EXERCISE AIM → Starting with the line that contains "This luxuriously soft", repeat each line exactly through the final line of the listing. No picture should appear in the copy.

SOURCE DATA →
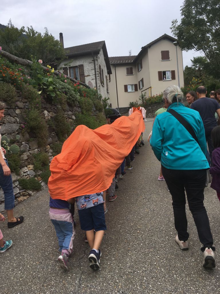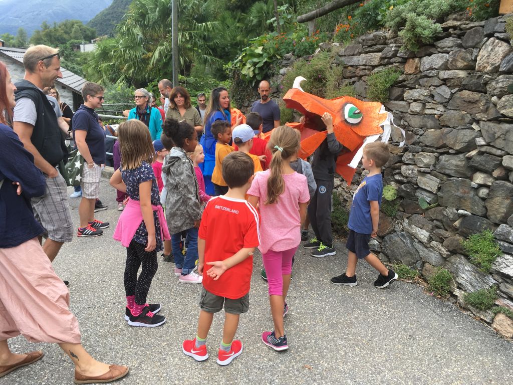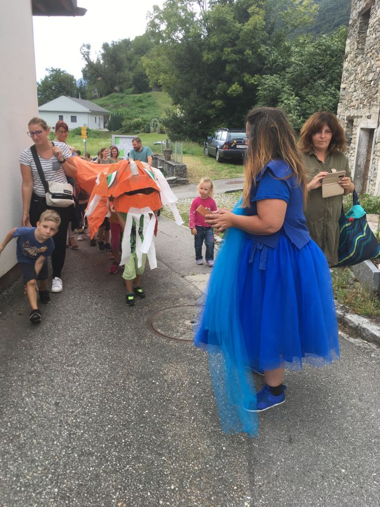 I ragazzi, provenienti da Monticello e San Vittore, Lumino, Grono e Roveredo, sono stati invitati a collaborare nel dar vita ad un “drago dei racconti” che ha seguito il carillon e il canto della fatina blu, Vicky de Stephanis, in un percorso a tappe animate. Dalla chiesa del villaggio, attorniato da vigneti e alberi da frutto, il gruppo di ragazzi, accompagnati da genitori e nonni, si è avviato verso l’antico lavatoio fatto da luoghi particolari. Il corteo ha effettuato delle piacevoli soste durante le quali ha potuto ascoltare ed assistere alle fantasiose messe in scena di racconti magici e avventure fiabesche, ambientate nel mondo rurale del nostro passato. C'era un contadino con una moglie un po’ tiranna che incontra un ranocchio-stregone, delle strane trecce sulle criniere di cavalli tranquilli, un cavaliere che ha bisogno dell’aiuto del drago per far fronte ai nemici e infine un gruppo di bambini che vengono tiranneggiati dalla strana sirena del lavatoio fino a che i loro stessi desideri non riescono a liberarli.
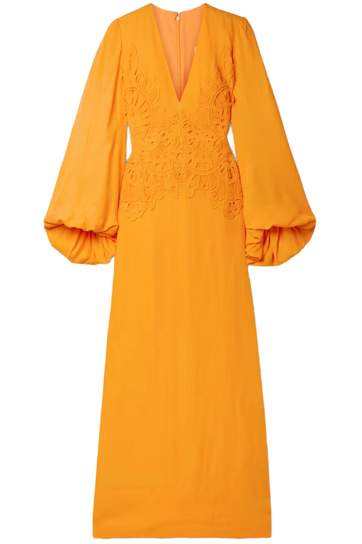 This luxuriously soft Katana Linen Caftan is woven with a touch of linen and features a vibrant 'Tangerine' hue. It's nipped-in waist and voluminous bishop sleeves offer a flattering silhouette for any occasion. Style it with heeled sandals for a chic, elegant look.
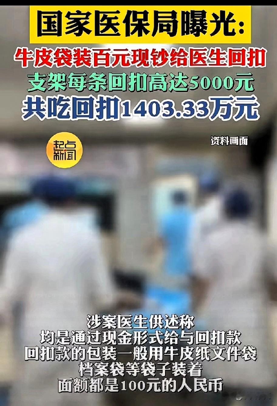 生命有价,医保无价?商医狼狈为奸榨干患者救命钱 上海一家医疗器材商,用最粗糙的牛皮纸袋,装着最肮脏的利益纠葛,在七年时间里,向河北一家医院的多名医生输送了1400余万元回扣。 心脏支架单条回扣5000元,球囊1000元。副院长独吞674万,科室主任揽下662万。按单支架回扣计算,这场黑金交易背后,是足足2800名患者的血泪账单。 白大褂本应象征着救死扶伤的神圣,却被这些医生当成了牟取暴利的工具。多少患者本无需植入支架,却被一句轻飘飘的“建议手术”推上手术台;多少性价比更高的器材被束之高阁,只因回扣不够诱人。 病人们怀着对医生的全然信任,将生命托付,却不知自己早已成了对方的“摇钱树”。每一个冰冷的数字背后,都是一个家庭的无奈与破碎。当医者仁心被利益腐蚀,当救死扶伤沦为一门生意,受伤的,是整个社会对医疗行业的信任根基。

WRITTEN ANSWER →
 This luxuriously soft Katana Linen Caftan is woven with a touch of linen and features a vibrant 'Tangerine' hue. It's nipped-in waist and voluminous bishop sleeves offer a flattering silhouette for any occasion. Style it with heeled sandals for a chic, elegant look.
 生命有价,医保无价?商医狼狈为奸榨干患者救命钱 上海一家医疗器材商,用最粗糙的牛皮纸袋,装着最肮脏的利益纠葛,在七年时间里,向河北一家医院的多名医生输送了1400余万元回扣。 心脏支架单条回扣5000元,球囊1000元。副院长独吞674万,科室主任揽下662万。按单支架回扣计算,这场黑金交易背后,是足足2800名患者的血泪账单。 白大褂本应象征着救死扶伤的神圣,却被这些医生当成了牟取暴利的工具。多少患者本无需植入支架,却被一句轻飘飘的“建议手术”推上手术台;多少性价比更高的器材被束之高阁,只因回扣不够诱人。 病人们怀着对医生的全然信任,将生命托付,却不知自己早已成了对方的“摇钱树”。每一个冰冷的数字背后,都是一个家庭的无奈与破碎。当医者仁心被利益腐蚀,当救死扶伤沦为一门生意,受伤的,是整个社会对医疗行业的信任根基。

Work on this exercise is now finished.